Legal Practitioners Conduct Board v Kayal
[2011] SASCFC 25
•6 April 2011
SUPREME COURT OF SOUTH AUSTRALIA
(Full Court: Application)
LEGAL PRACTITIONERS CONDUCT BOARD v KAYAL
[2011] SASCFC 25
Judgment of The Full Court (ex tempore)
(The Honourable Justice Duggan, The Honourable Justice Gray and The Honourable Justice Sulan)
6 April 2011
PROFESSIONS AND TRADES - LAWYERS - COMPLAINTS AND DISCIPLINE - PROFESSIONAL MISCONDUCT - TRUST MONEY
PROFESSIONS AND TRADES - LAWYERS - COMPLAINTS AND DISCIPLINE - DISCIPLINARY PROCEEDINGS - SOUTH AUSTRALIA - ORDERS
Application by Legal Practitioners Conduct Board to have the name of a legal practitioner struck off the Roll of Legal Practitioners – Legal Practitioners Disciplinary Tribunal considered three charges of unprofessional conduct based on allegations of a series of fraudulent misappropriations – recommendation made that disciplinary proceedings be commenced against the legal practitioner in the Supreme Court.

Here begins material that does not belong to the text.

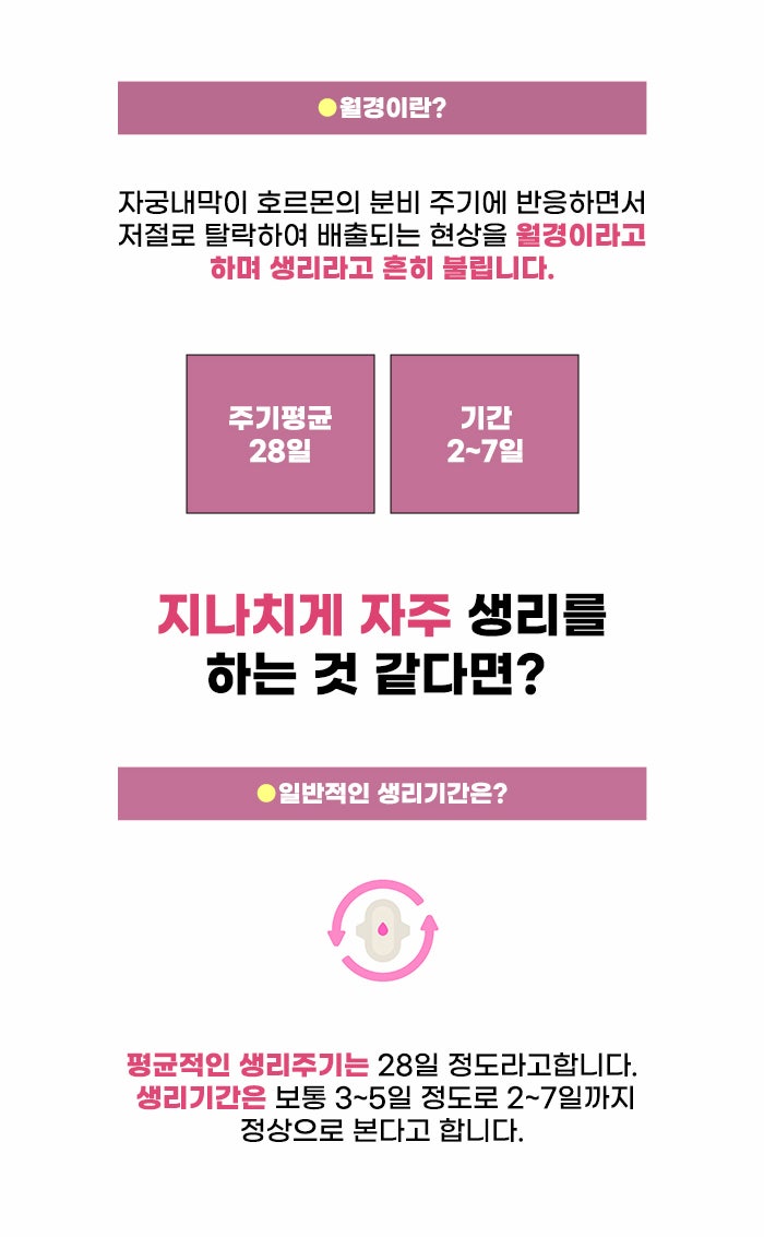 여성의 월경은 가임 능력과 밀접한 연관이 있는 만큼, 월경과 관련해 문제가 있을 경우 걱정이 되지 않을 수 없는데요. 스트레스나 환경의 문제, 호르몬의 불균형 등이 영향을 미칠 수도 있다고 합니다. 또한 자궁근종, 자궁선근증, 자궁내막증, 골반강 내 이상 등의 여러 요인이 생리통이나 빈발월경, 생리불순, 부정출혈 등에 영향을 미칠 수도 있다고 하니 참고하셨으면 합니다.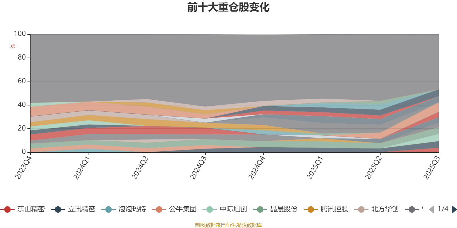 截至2025年三季度末,基金十大重仓股分别是信达生物、中际旭创、巨化股份、晶晨股份、立讯精密、中芯国际、诺诚健华、澜起科技、东山精密、宁德时代。

Held: Application by Legal Practitioners Conduct Board granted – the circumstances demonstrate practitioner is not fit to remain a member of the legal profession – name of practitioner to be removed from Roll of Legal Practitioners.
Legal Practitioners Act 1981 (SA) s 31, s 76(3)(a), s 89, referred to.
The Law Society of South Australia v Murphy (1999) 201 LSJS 456; In re A Practitioner [1941] SASR 48; In re A Practitioner (1982) 30 SASR 27; Barwick v Council of the Law Society of New South Wales [2004] NSWCA 32, discussed.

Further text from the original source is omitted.